Earlier this year I wrote about the problem of diminishing keyword data and offered a number of solutions to overcome this problem. Today I will highlight one specific method of keyword and position mining – server log files.
These days there is no such thing as an absolute ranking position. Different users will see you on different positions in search result based on any number of factors including algorithm variations, user location, device/platform and personalisation. This means that scraping Google from the same machine and measuring your search visibility isn’t the ideal method.
Let me illustrate what I mean by showing you our own ranking data from two different sources for keyword “SEO” in Google Australia:
The above is a comparison chart of scraped Google results (red) and the raw server log files (green) and is a great example of the difference between what you think is happening and what is actually happening in Google’s search results.
It’s Not All Lost
Most Google searches today are encrypted, however there is still a chunk of non-encrypted search traffic you can mine for data. This includes Internet Explorer users who are not signed into any Google services and Chrome/Firefox users who type in http://www.google.com and search from that point on (without logging in).

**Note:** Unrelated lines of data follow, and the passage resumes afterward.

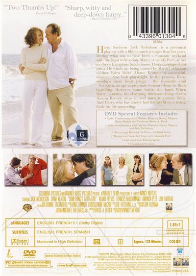 Harry Sanborn (Jack Nicholson) is a perennial playboy with a libido much younger than his years. During a romantic weekend with his latest infatuation, Marin (Amanda Peet), at her mother's Hamptons beach house, Harry develops chest pains. He winds up being nursed by Marin's reluctant mother, Erica Barry (Diane Keaton)-a successful, divorced New York playwright. In the process, Harry develops more heart pangs-the romantic kind-for Erica, an age appropriate woman whom he finds beguiling. When Harry hesitates, his charming thirty-something doctor (Keanu Reeves) steps in and starts to pursue Erica. And Harry, who has always had the world on a string, finds his life unraveling. |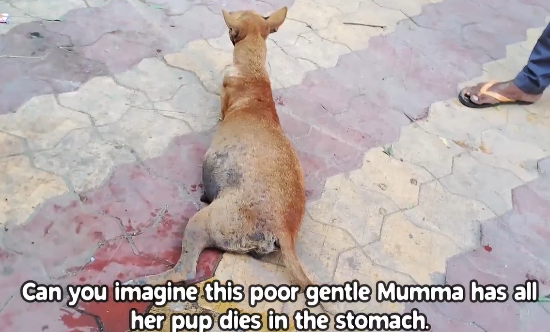 Her fragile body was bearing the unimaginable grief of carrying eight lifeless puppies, trapped within a womb that was meant to be a safe haven.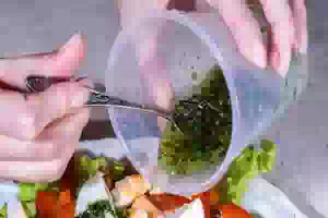 6. Полить салат зеленым соусом и дать настояться 10-15 минут. Салат готов.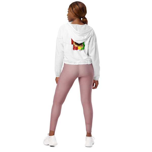 Hike in style without the rain getting in the way—this cropped windbreaker is lightweight, waterproof, and suitable for every kind of adventure. Features include side-slit pockets, breathable mesh lining, and adjustable drawcords on the hood and waist to support all your stylish outdoor looks.

Try this query and copy the URL on the first result:
Paste it into a text file and you will see something like this:
Interesting parts of this URL are:
- q=seo%20dejan (search query “seo dejan”)
- cd=1 (ranking position “1”)
Now switch this to https:// search and observe what happens to the URL:
The ranking position is still there (cd=1) but the search query (q) is now gone.
Now that we understand the mechanism let’s reflect on what’s actually available and where it sits.
Getting the Data
Most servers are configured to collect raw access log files and some will allow you to easily access this data. Here’s how to find it in Cpanel for example (Raw Access Logs):
Here’s an example from our own log file:
109.149.xx.xx - - [19/Apr/2013:22:49:41 +1000] "GET /google-link-disavow-complete-guide/ HTTP/1.1" 200 17115 "http://www.google.co.uk/url?sa=t&rct=j&q=where+to+download+google+disavow+doc&source=web&cd=3&ved=0CEgQFjAC&url=http%3A%2F%2Fdejanmarketing.com%2Fgoogle-link-disavow-complete-guide%2F&ei=Nj1xUbbwD4nIPKT8gMAC&usg=AFQjCNHdfYgDAS2DT9MvV-Y7Hz1VZomYAg&sig2=YjxMevNdGpOcODRBcH57hQ" "Mozilla/5.0 (Macintosh; Intel Mac OS X 10_8_3) AppleWebKit/536.28.10 (KHTML, like Gecko) Version/6.0.3 Safari/536.28.10" 351593
In the above example we can see that somebody searched google.co.uk for “where to download google disavow doc” and found this page on position 3.
Like I said earlier, you’re not always blessed with a combination of search phrase and the position, but when you do get them together you need to save that data and consider it in your phrase research and keyword performance tracking.
Naturally you don’t want to be doing this manually for every detected keyword/position combination so it might be a good idea to put together a script which automates the process and compiles the data for you in a format that you can use (e.g. CSV or XML).
We use our own tool which does this for us on a daily basis and are able to track keyword performance through Google’s own search referral URLs:
Additionally we’ve introduced a range of filters (by search engine, keyword, date range…etc):
What I like about it is that it’s completely fresh data and I get to see it soon after the referrer string was added to the log file.
Our development team is currently working on combining server log file data with Google Webmaster Tools keyword reports in order to improve accuracy of search visibility and keyword performance. This will be done without acquiring ranking data in ‘traditional ways’ (read: SERP scraping).
Another interesting way of dealing with the disappearing keyword data was proposed by Alistair Lattimore and is based on attributing keywords to encrypted traffic based on page content. We’re considering this option as well, though it will probably involve creation and maintenance of a ‘mini index’ for each website we wish to track.
I’d love to hear your thoughts and and experience with keyword performance tracking and how you measure search visibility.